PA Bill Would Ban Skill Games

Joint House/Senate legislation in the Pennsylvania General Assembly would ban the so-called skill games that have been placed in thousands of varied locations around the state.

PA Bill Would Ban Skill Games

Pennsylvania lawmakers have introduced joint legislation in the state House and Senate that would declare so-called “skill games” such as Pennsylvania Skill and others that now number tens of thousands as illegal gaming machines.

Senator Amanda Cappelletti, D-Delaware/Montgomery, and Rep. Mark Rozzi, D-Berks, announced that they introduced legislation to outlaw so-called “skill” slot machines.

“In addition to preying on users of the machines, skill games also steal money that should be going to Pennsylvania Lottery programs that support programs for our senior citizens,” Rozzi said.

“These games also divert casino patrons and negatively affect legal slot machine revenue. Given the 52 percent tax rate on slot machine revenue, this reduces payments to the Property Tax Relief Fund, the Race Horse Development Fund and the economic development and local share accounts that routinely help pay for important local projects and the operations of numerous nonprofit agencies, including volunteer fire companies and other public safety agencies.”

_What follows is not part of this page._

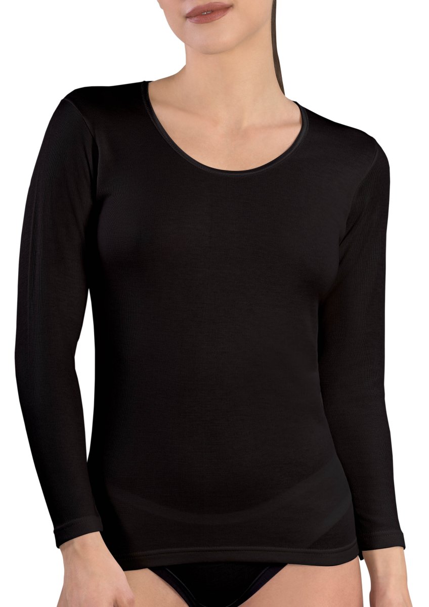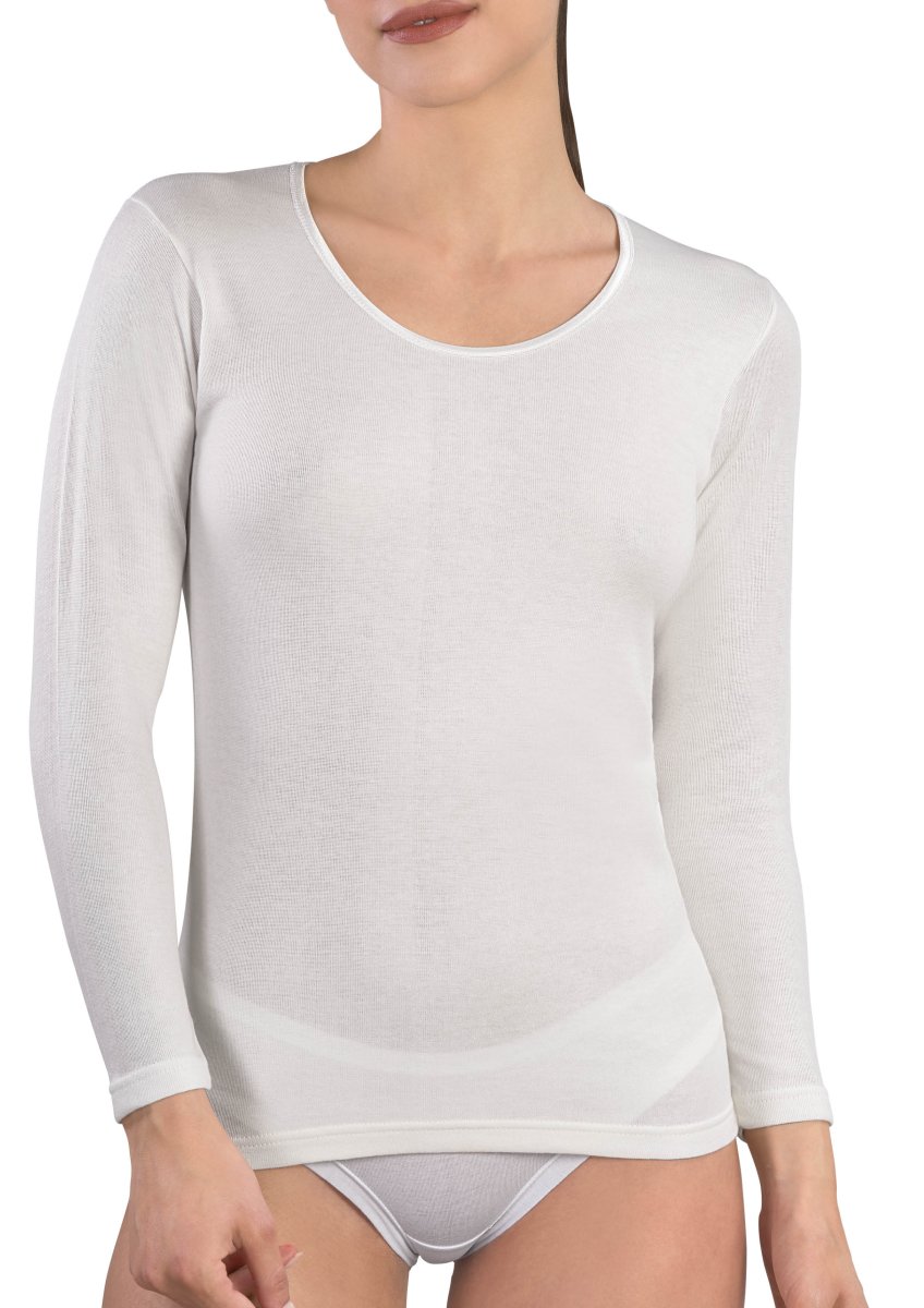 MAGLIA MANICA LUNGA DONNA GIROCOLLO BORDO RASO LANA E COTONE

“These gaming machines can be found in convenience stores, restaurants, malls, gas stations and other places of business throughout Pennsylvania,” Cappelletti said. “Despite the illusion that the state has oversight, there are no consumer protection measures, prevention of play by minors, assistance for problem gamblers, money laundering controls, or other regulations protecting Pennsylvanians from these predatory machines.”

Cappelletti and Rozzi noted that these unsanctioned gambling devices routinely attract the sort of serious criminal and other negative activity that the General Assembly specifically sought to avoid through passage of the Gaming Act in 2004.

Carefully designed amendments made to the Gaming Act, in 2010 and 2017, further established that gaming should only occur in tightly regulated and controlled environments and not on every street corner. Newspapers across the commonwealth routinely include reports describing the occurrence of serious criminal activity wherever “skill games” are located, including violent robberies, and in a tragic case occurring in Hazelton, a cold-blooded murder.

Rozzi’s legislation, which is currently circulating for co-sponsors, is a companion bill to Cappelletti’s S.B. 969. Both pieces of legislation would, among other provisions, amend Title 18 of the Pennsylvania Consolidated Statutes (Crimes and Offenses) to incorporate the definition of a “slot machine” as set forth in the Gaming Act.

In the 2017 amendments to the Gaming Act, the definition of a slot machine was expanded to include all forms of skill games. Under Section 5513 of Title 18, slot machines in the commonwealth are illegal unless they fit within certain narrow exceptions, including slot machines authorized by the Gaming Control Board for placement in regulated casino facilities.

Cappelletti and Rozzi also noted that in a recent legal brief filed in Commonwealth Court by the Criminal Law Division of the Pennsylvania Office of Attorney General, state prosecutors wrote that the skill game machines manufactured by a leading supplier operated in a two-phase manner, including a slot machine-style game of chance and then another phase called “Follow Me.” The prosecutors argued:

“If… a company decided to sell lottery tickets and drew numbers with the same ball machine used by the state lottery, that would certainly be an illegal lottery. The nature of the lottery wouldn’t be changed if all losing players were given a chance to try to kick a 70-yard field goal to win back their bet plus 5 percent. A lottery is still a lottery. So too here.

“These devices are slot machines. (The skill game proponents) do not actually directly challenge that conclusion. Instead they argue that every player gets to essentially, “kick a 70-yard field goal” to win 5 cents on the dollar. ‘Follow Me’ does not change the innate nature of this device (i.e. the skill game). It is a slot machine.”

The new legislation to ban skill games will compete with a current bill filed by state Senator Gene Yaw that would legalize, tax and regulate the devices.